After a fire destroyed the hatchery and several other Hume buildings in 1893, he moved many of his holdings to the opposite side of the river, where he founded the city of Wedderburn in 1895, naming it "in honor of the ancestral castle of the Humes of Scotland". Floating some of his unburned buildings to Wedderburn from Ellensburg, he added a new hatchery, offices, a new home, many other buildings, and a horse-racing track. He started another newspaper, the Wedderburn Radium, and applied successfully for a post office, which opened in 1898 and was run by a Hume employee in Hume's general store.

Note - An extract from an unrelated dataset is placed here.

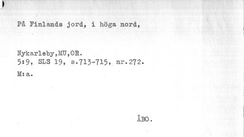 //// På Finlands jord, i höga nord, //// r //// Nykarleby,MU,OB. //// 5:9, SLS 19, s.713-715, nr.272. j //// ; t //// M: a. //// i //// i i //// 1 f //// , i //// ÅBO. ////
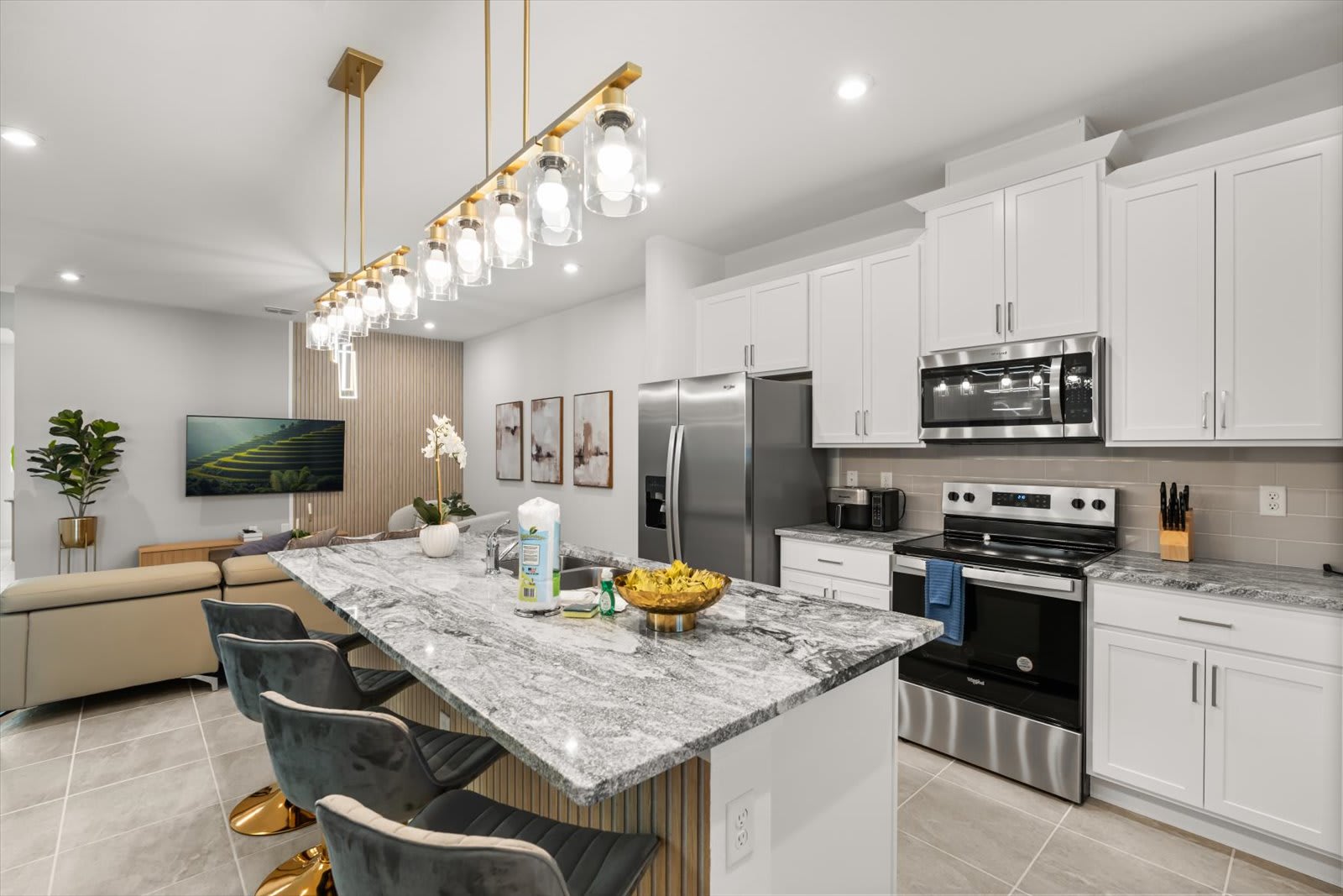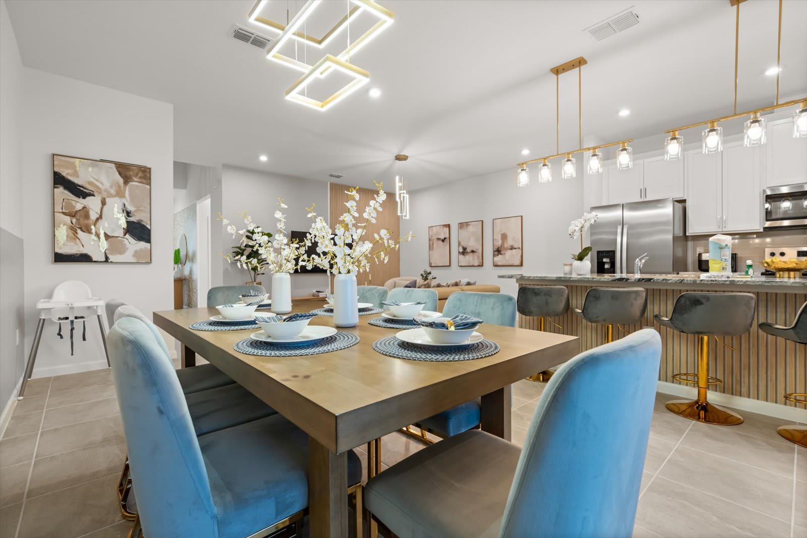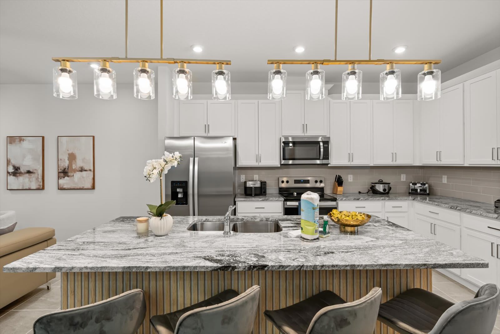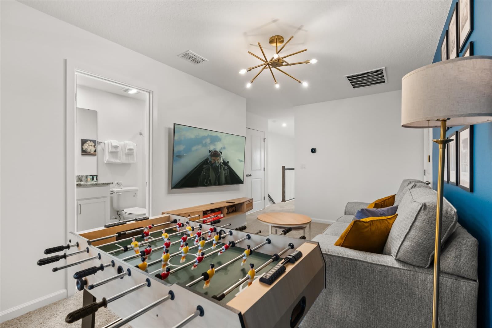 Step into a world of comfort and style in our Kissimmee villa, designed for relaxation and fun. The open-concept layout seamlessly connects the living room, dining area, and fully equipped kitchen, perfect for family gatherings. Enjoy the loft living room, featuring a large smart TV for entertainment. Retreat to four inviting bedrooms: a master suite with a queen bed and private bath, a king bed room, another with a queen, and a playful room with a trundle, twin, and full bed. Key amenities include air conditioning, a BBQ grill, and a private screened pool with a covered lanai. Unwind in style with plush bed linens, cable TV, and a coffee maker for your morning brew.

As his businesses grew, he added to his fleet of ships, big ones to ship salmon to San Francisco and smaller ones for shallow waters and for towing larger ships in and out of the Rogue mouth. In 1879 he bought the steamer Varuna and the tug Mary Hume and started a shipyard at Ellensburg. In 1880 he added the steam schooner Mary D. Hume, the tug Pelican in 1883, the schooner Berwick in 1887, the steamer Thistle in 1888, and replacement craft in subsequent years. Returning ships brought goods for Hume's general store.

Throughout his career, the store was one of the central components of his business. It was a center of supplies and news for the people of the Rogue, who awaited the arrival of the fall provision ship with anticipation and anxiety, for this vessel was the only source of winter provisions. It provided Hume, the employer of the great majority of the citizens of Gold Beach and Wedderburn, with a means of repossessing the wages of his employees and of profiting on the exchange.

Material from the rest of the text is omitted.